De wereldwijde actie om COVID-19 te bestrijden, werkt niet. Dit jaar zijn er tot nu toe – ondanks de ontwikkeling en uitrol van effectieve vaccins – meer dan twee keer zoveel mensen gestorven aan COVID-19 dan in heel 2020.

Een nieuwe doelstelling om tegen september 2022 70% van de wereldbevolking in alle inkomenscategorieën te vaccineren, is nodig om de pandemie onder controle te krijgen. Als het huidige tempo van wereldwijde vaccindistributie en -productie niet dringend versnelt, zal de wereld die doelstelling nooit halen. Zo blijkt uit de laatste analyse van ONE.

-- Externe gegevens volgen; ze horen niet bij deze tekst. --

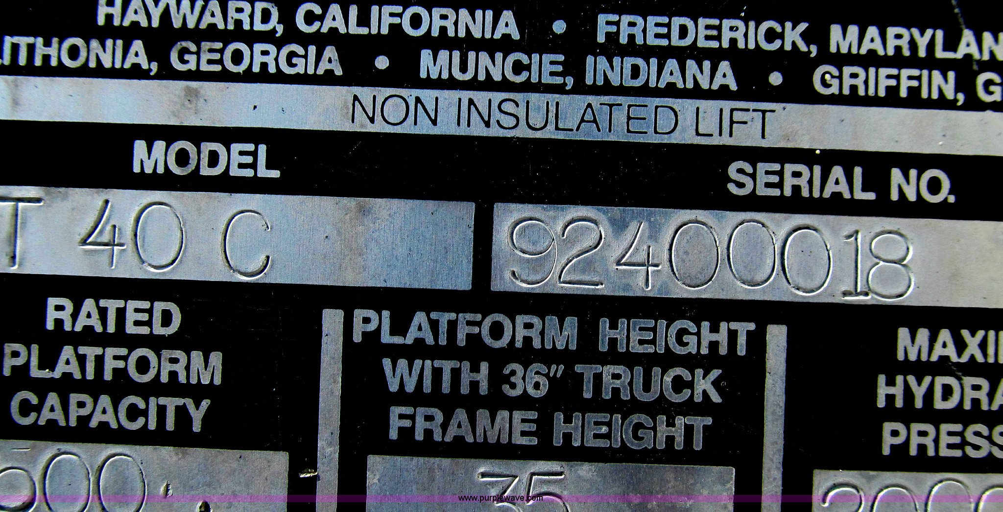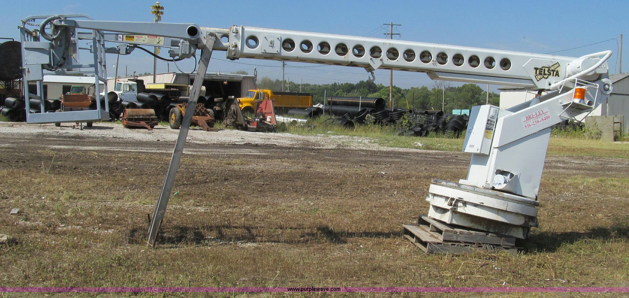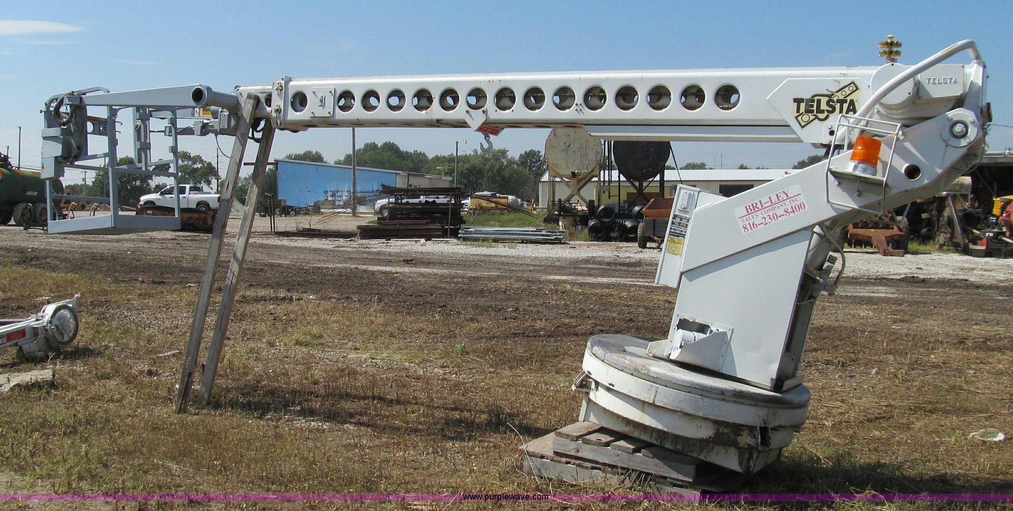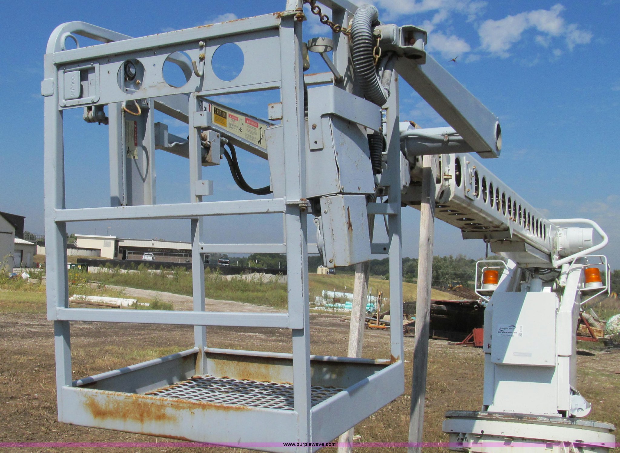 Purple Wave is selling a used Truck Part and Attach. in Missouri. This item is a 1992 Telsta T-400 single platform man lift with the following: 6,924 hours on meter, Reel cable attachment, Electric over hydraulic controls, 29" x 29" platform, 500 lbs maximum platform capacity, 35' maximum reach, Ground and platform controls, Two stage boom, 54" diameter base, 2,000 lbs maximum hydraulic pressure, 6,000 lbs maximum reel arm load capacity, 20,000 lbs maximum pull load, Serial 92400018

Ongelijke verdeling is gevaarlijk

De afgelopen negen maanden heeft de wereld zich ingezet om de productie van goedgekeurde en levensreddende vaccins uit te breiden. Doelstelling: de verspreiding en impact van het virus vertragen. Alleen ging 77% van die vaccins naar mensen in rijke landen. Terwijl minder dan 1% bij mensen in lage-inkomenslanden terecht kwam. Dat is zelfs niet genoeg om eerstelijns gezondheidswerkers of de meest kwetsbaren voor het virus te beschermen.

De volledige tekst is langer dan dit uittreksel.